George went further back in the story to when Molly had found Petal’s mother dead and the child missing last June. ‘She felt the police didn’t do enough,’ he explained. ‘And I have to agree it looked that way. Anyway, Molly got it into her head that she was going to find Petal, and she didn’t divulge the small pieces of evidence she found to anyone, not even me. As far as I know, a Church Army lady who Molly had stayed with in London helped her get the job at the George, but it looks to me as if Molly must have already discovered that Cassie came from somewhere round here.

‘Anyway, a couple of days before Molly disappeared she wrote to me. She said she thought she’d tracked down Cassie’s mother, someone called Christabel Coleman, who had a daughter called Sylvia, who was the same age as Cassie, and it was rumoured she’d had a black baby. She said she was going there in the morning to see her.’

‘And how did you discover that Miss Heywood had gone missing?’

‘Mrs Bridgenorth phoned me; she found my number in Molly’s address book. She said that no one here at the nick had taken her seriously when she reported that Miss Heywood hadn’t come home, so I think she rang me in desperation. As I was on leave I came straight away, asking my mother to inform you.’

‘I sense an implication that you didn’t trust us to act immediately?’

George looked the sergeant in the eye. ‘Wouldn’t you have done the same if you were in my shoes?’

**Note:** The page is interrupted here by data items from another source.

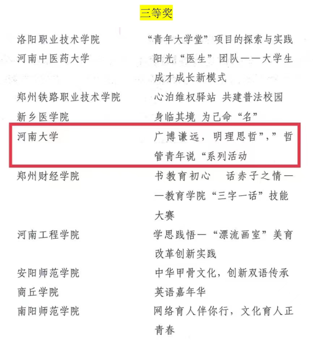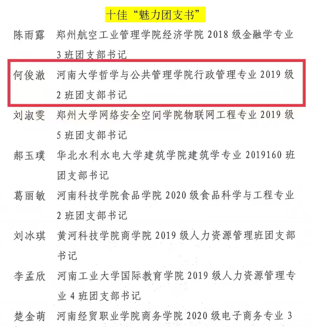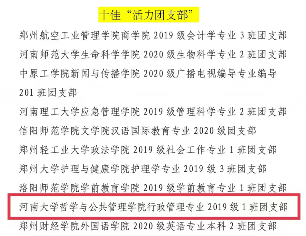 近日,共青团河南省委发布了2022年度“活力杯”河南学校共青团基层基础工作大赛获奖名单。我院“承前启后中国年,听说读写提能力”新年主题系列活动和“广博谦远,明理思哲”“哲管青年说”系列活动荣获共青团工作项目大赛一、三等奖,行政管理专业2019级1班团支部获十佳“活力团支部”奖项,行政管理专业2019级2班何俊澈获十佳“魅力团支书”称号。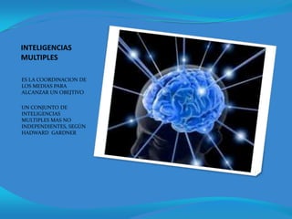 El documento describe las diferentes inteligencias múltiples identificadas por Howard Gardner, incluyendo la inteligencia lingüística, lógico-matemática, espacial, musical, intrapersonal, interpersonal, emocional, naturalista y artificial. Se define cada tipo de inteligencia y se dan ejemplos de personas que destacan en cada una.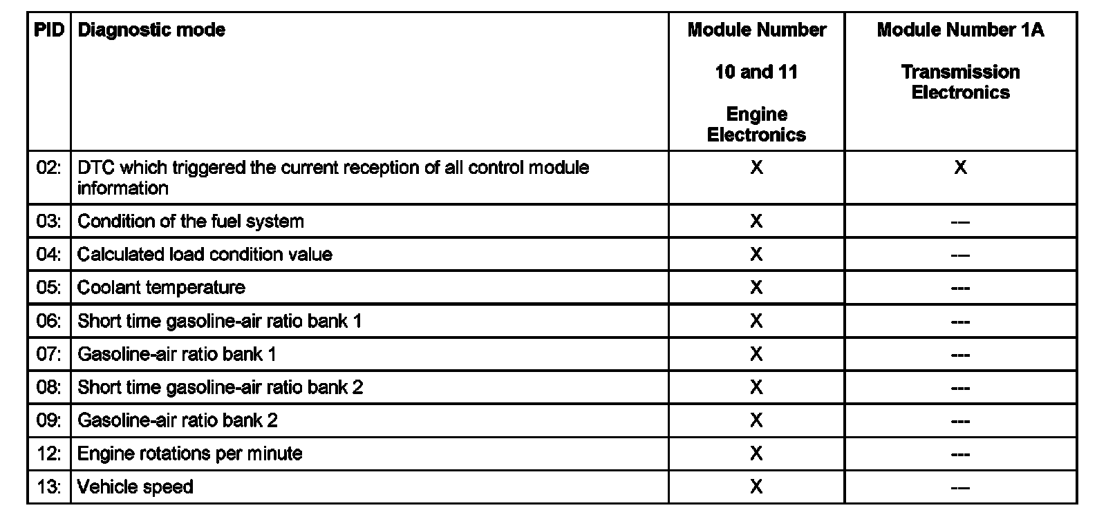 This diagnostic mode displays the operating conditions at which an emission relevant malfunction was detected and stored by the Engine Control Module (ECM) and Transmission Control Module (TCM).

The sergeant scratched his head, but didn’t answer the question. ‘Well, it was very high-handed of you. You might have made the situation very much worse, or put yourself in danger. Thankfully, Miss Heywood was very resourceful. We found the cellar room she was kept in, and the child had been imprisoned in an attic room.’

‘All the time?’ George asked, horrified at the thought.

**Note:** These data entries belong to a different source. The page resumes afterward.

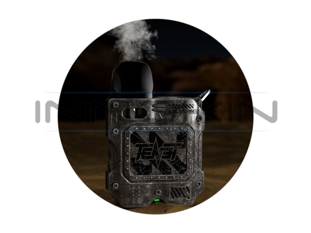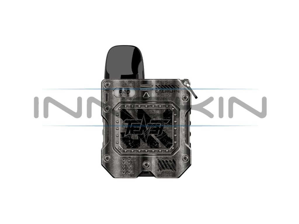 Pod systémy ze série Caliburn KOKO lákají na kompaktní rozměry a praktický čtvercový design, který perfektně padne do dlaně. U modelu Uwell Caliburn Tenet KOKO Pod Kit se k těmto praktickým rozměrům přidává také netradiční designové zpracování ze série Tenet, těšit se tak můžete na futuristicky zpracovanou e-cigaretu s kovovou konstrukcí z hliníkové slitiny a polyamidu, která dokáže zaujmout naprosto ve všech směrech. Futuristický a až postapokalyptický vzhled plný výrazných a netradičních konstrukčních prvků je tím správným řešením pro všechny milovníky nekonvenčního designu. E-cigareta nabídne rozměry 73.7 x 50 x 18 mm pro snadné přenášení a hmotnost 61,5 g pro co nejkomfortnější užívání. Uvnitř kompaktního těla na vás potom čeká integrovaná baterie s obrovskou kapacitou 950 mAh pro dlouhé hodiny intenzivního užívání. Baterii můžete kdykoliv dobít pomocí portu USB-C, zařízení podporuje dobíjení proudem až 2A.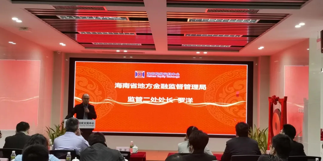 12月28日上午,海南股交企業(yè)掛牌暨企業(yè)表彰儀式在老城軟件園辦公樓交易大廳舉行。海南省地方金融監(jiān)督管理局監(jiān)管二處處長羅洋、海南省工業(yè)和信息化廳中小企業(yè)處副處長孫丹、海南金融控股股份有限公司黨總支委員、副總經(jīng)理吳曄軍,黨總支委員總經(jīng)理助理朱宏亮、海南大唐發(fā)控股權(quán)投資基金管理有限公司董事長王濤、深圳同創(chuàng)天策企業(yè)發(fā)展有限公司董事長蔡成巨以及掛牌企業(yè)代表、媒體記者等近80余人參加了此次活動。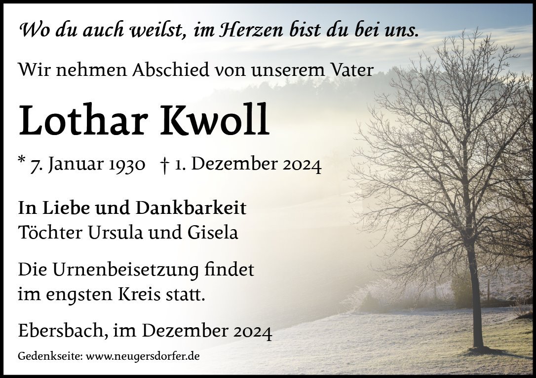 In stillem Gedenken an Herrn Lothar Kwoll.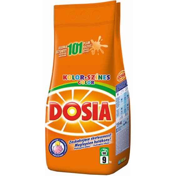 Dosia proszek przeznaczony do prania tkanin kolorowych. Skutecznie usuwa wszelkie plamy już w niskich temperaturach chroniąc kolory i nie niszcząc tkanin. Opakowanie wystarcza na ok. 90 prań.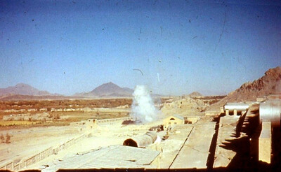 Валерий Мухин (разведвзвод 3 МСБ 86-88): ООНовский городок. Расположение арт батареи. На дороге стоит танк стволом в сторону Кандагара, на горизонте видно кишлак Насиран.

‘We can’t be sure one way or the other until she’s ready to talk, or one of the women does. There’s an old doctor’s surgery in the house, full of drugs and medicines, so it’s possible they gave the child something to keep her quiet. We found a pair of baby reins in the room, too, so we think they used them to walk her around the garden sometimes. She was fed sporadically but, judging by her weight, not nearly enough. As for bathing her or washing her hair, that appears not to have been done for some weeks.’